Because I didn't know whether I wanted to work in the U.S. or in Europe, and because I was very intimidated by the prospect of having to compete in an environment where my native language would always represent some form of disadvantage, I didn't participate in any OCIs or other interviews while I was in law school, which I now sorely regret.

I am now considering starting a career overseas and, as I don't really know where to start, I am interested in hearing any piece of advice you might have.

In my home country, I have gained some valuable work experience as an intern with two U.S. big law firms and in different areas (corporate & securities/litigation). However, I am aware that getting a job in that kind of firms would be difficult for me since I missed the whole OCI process and have very little work experience in the U.S.
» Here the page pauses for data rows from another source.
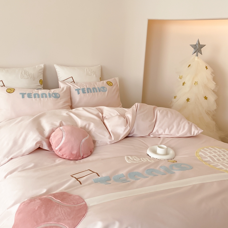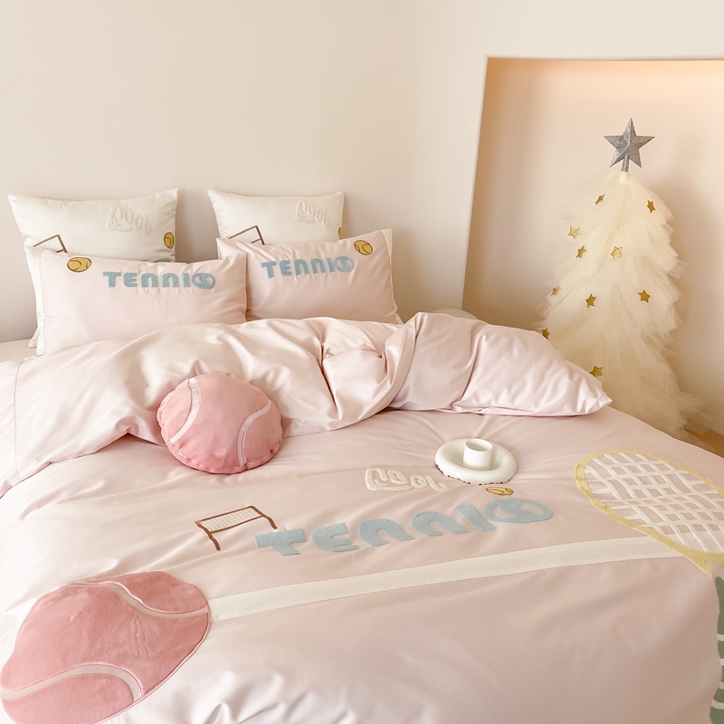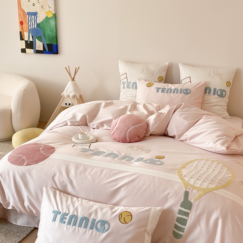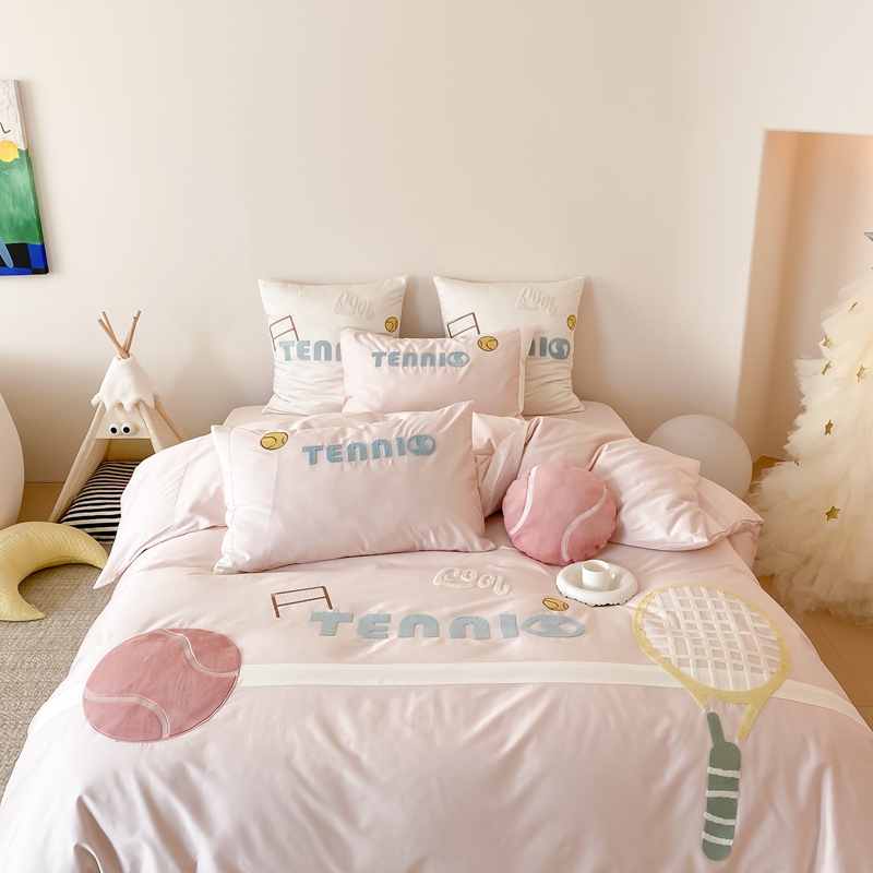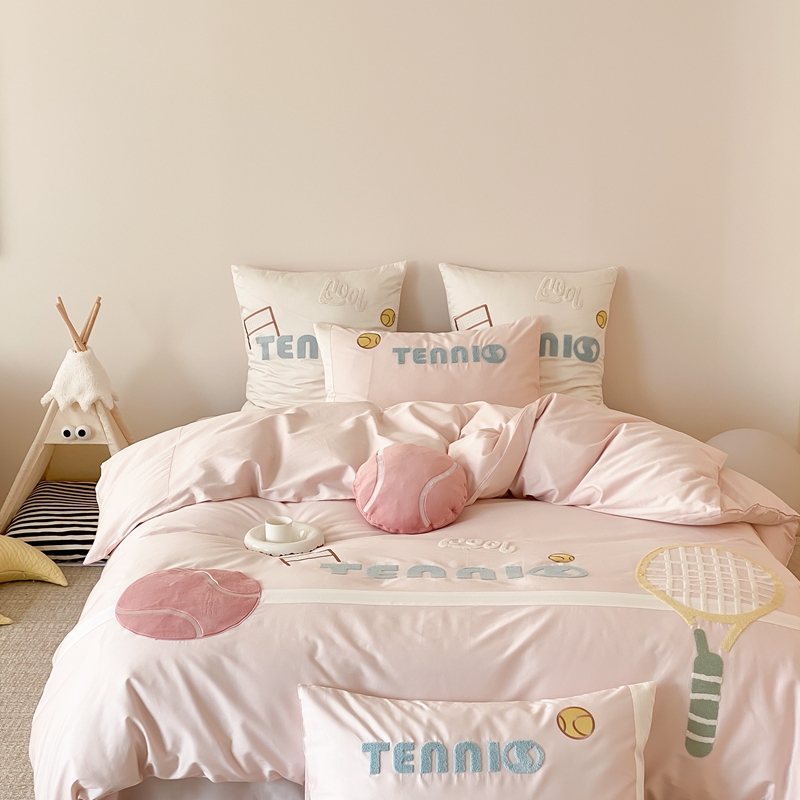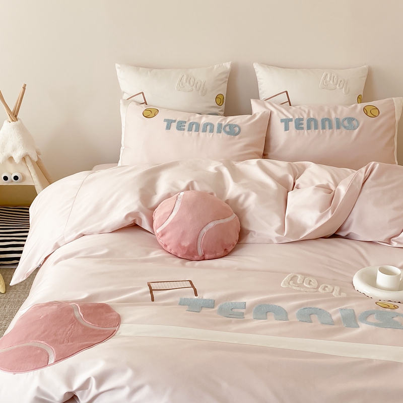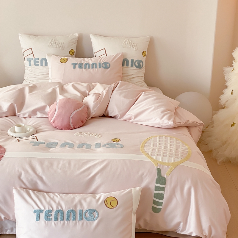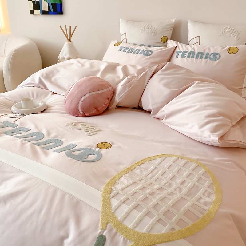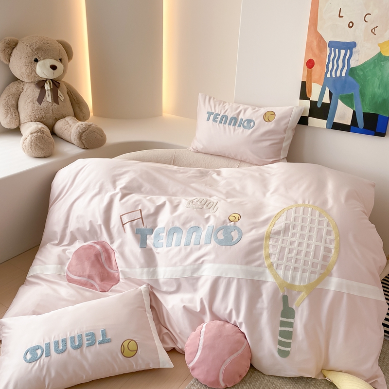 商品名称:星野家居 2024新款双股澳棉毛巾绣四件套—快乐网球场 快乐网球场—樱花粉
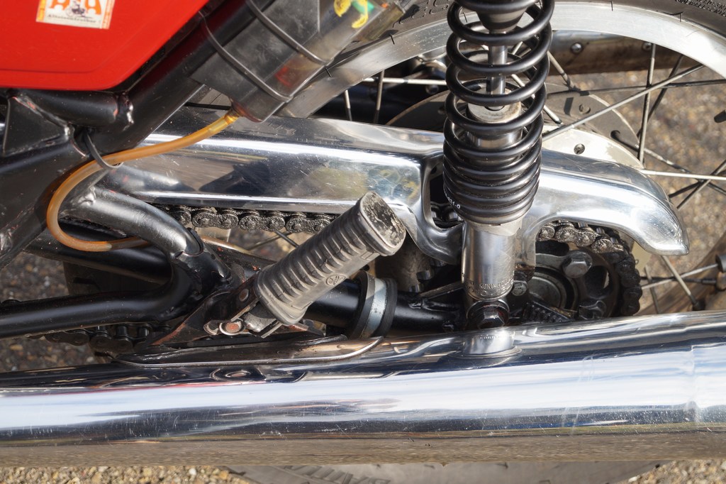 Gabel, Vorderbremse und Instrumente von '77er Modell. War schon bei meinem Kauf in '92 so, daher kann ich den Gesamtkilometerstand nicht angeben. Fahrzeug läuft sauber geradeaus, Unfallschaden kann ich daher ausschließen
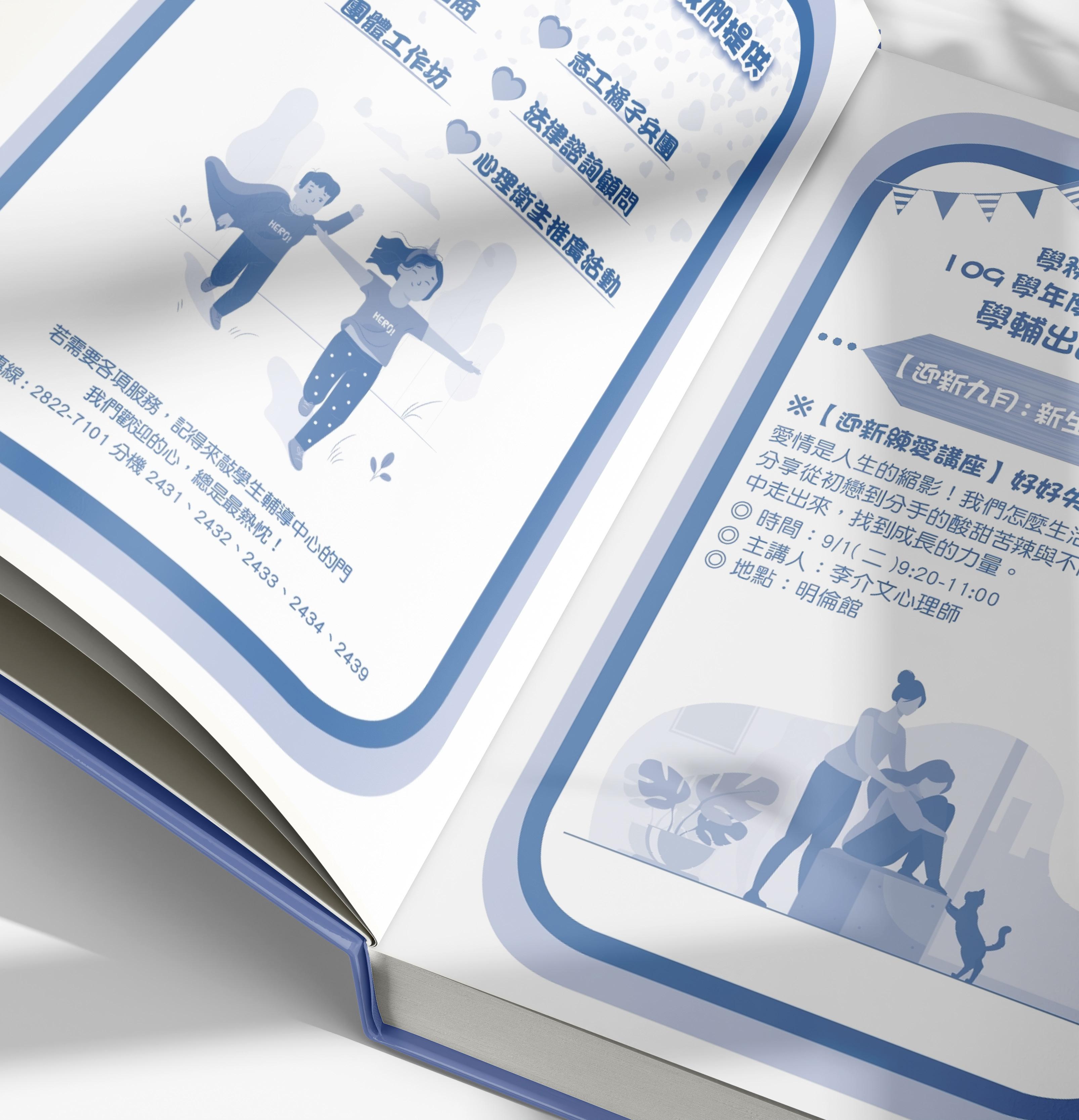 在印刷公司的兩年期間,經常接觸大專 院校學輔中心文宣之排版與印刷事務。 也因此對心衛文宣的風格、需求與製作 流程更加熟悉。

I recall that as a law student I really enjoyed studying litigation-related subjects like criminal procedure, constitutional law, trial advocacy or evidence. Do you think that I might be able to find work as a public defender with the NY court system (I'm not considering any position on the prosecution's side as I am not a U.S. citizen)? Or could I also work in immigration, given my knowledge of Spanish and other Romance languages? Any other career prospects (preferably within the State of New York)?

I have also considered getting in touch with my law school but I found them quite unhelpful.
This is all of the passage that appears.